Rechtsmittelbelehrung
Gegen diesen Beschluss steht den Beteiligten und den sonst von der Entscheidung Betroffenen die Beschwerde an das Thüringer Oberverwaltungsgericht zu.
Die Beschwerde ist bei dem Verwaltungsgericht Weimar, Rießnerstraße 12 b, 99427 Weimar, innerhalb von zwei Wochen nach Zustellung des Beschlusses einzulegen.
Die Beschwerde ist innerhalb eines Monats nach Zustellung des Beschlusses zu begründen.
Die Begründung ist - wenn sie nicht bereits mit der Beschwerdeeinlegung erfolgt - beim Thüringer Oberverwaltungsgericht, Kaufstraße 2-4, 99423 Weimar, einzureichen.
Gegen die Festsetzung des Streitwertes in dem Beschluss steht den Beteiligten und den
sonst von der Entscheidung Betroffenen die Beschwerde an das Thüringer Oberverwaltungsgericht zu, wobei es insoweit einer Begründung nicht bedarf.
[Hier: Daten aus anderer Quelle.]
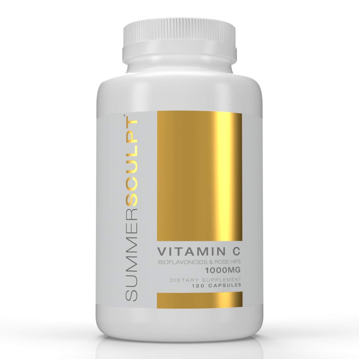 SummerSculpt Vitamin C 1000 mg Daily Immune Support with Rose HIPS & Citrus Bioflavonoids Healthy Skin & Joints Buffered Non-GMO Non Acidic 120 Capsules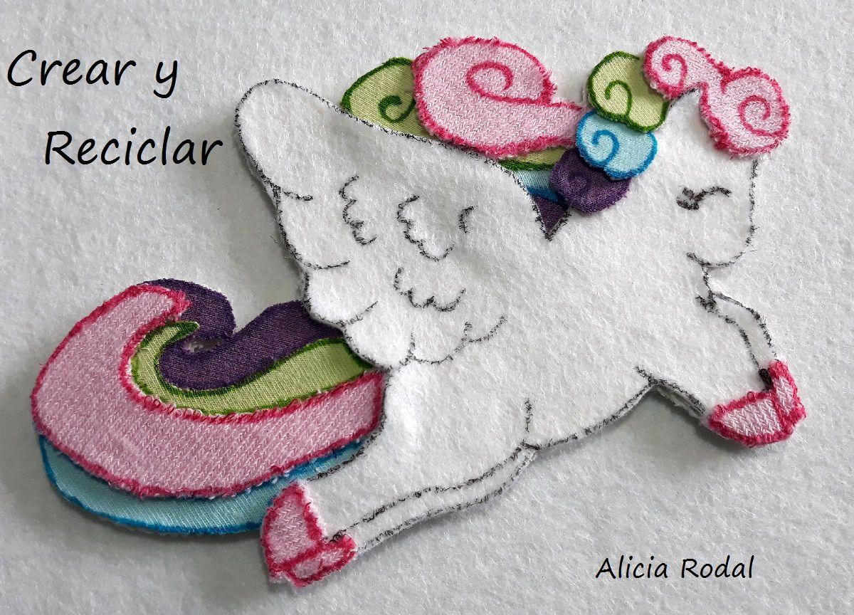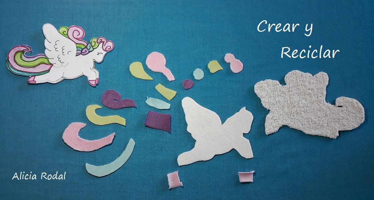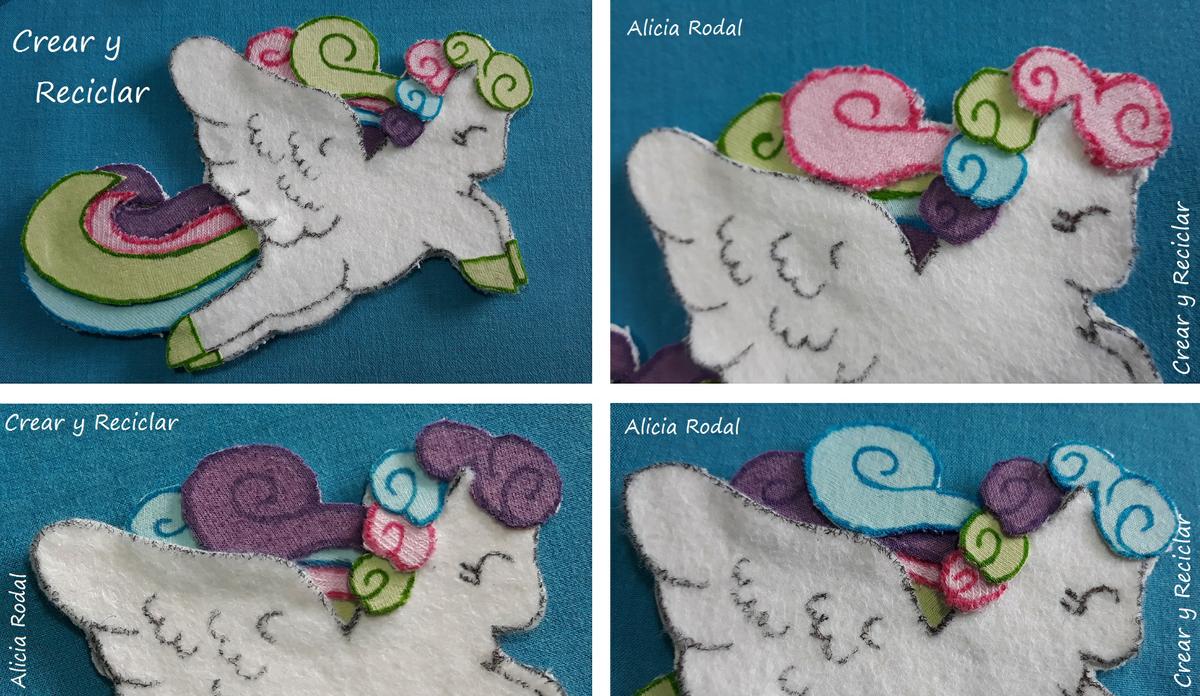 Yo hice estos 4 preciosos Pegasos de 4 colores diferentes, combinados entre sí, resaltando uno de los colores en cada uno de ellos. Los colores que escogí fueron el rosa, el morado, el verde y el azul. Me hubiese gustado que los colores fueran un poco más pasteles, sobre todo el morado, pero esos son los colores que tenía a mano de las camisetas viejas y manchadas de mis hijas.

Die Streitwertbeschwerde ist bei dem Verwaltungsgericht Weimar einzulegen. Sie ist nur
zulässig, wenn die Beschwerde innerhalb von sechs Monaten eingelegt wird, nachdem die
Entscheidung in der Hauptsache Rechtskraft erlangt oder das Verfahren sich anderweitig erledigt hat.
Hinweis: Für das Beschwerdeverfahren (mit Ausnahme der Streitwertbeschwerde) besteht
Vertretungszwang nach Maßgabe des § 67 Abs. 1 VwGO.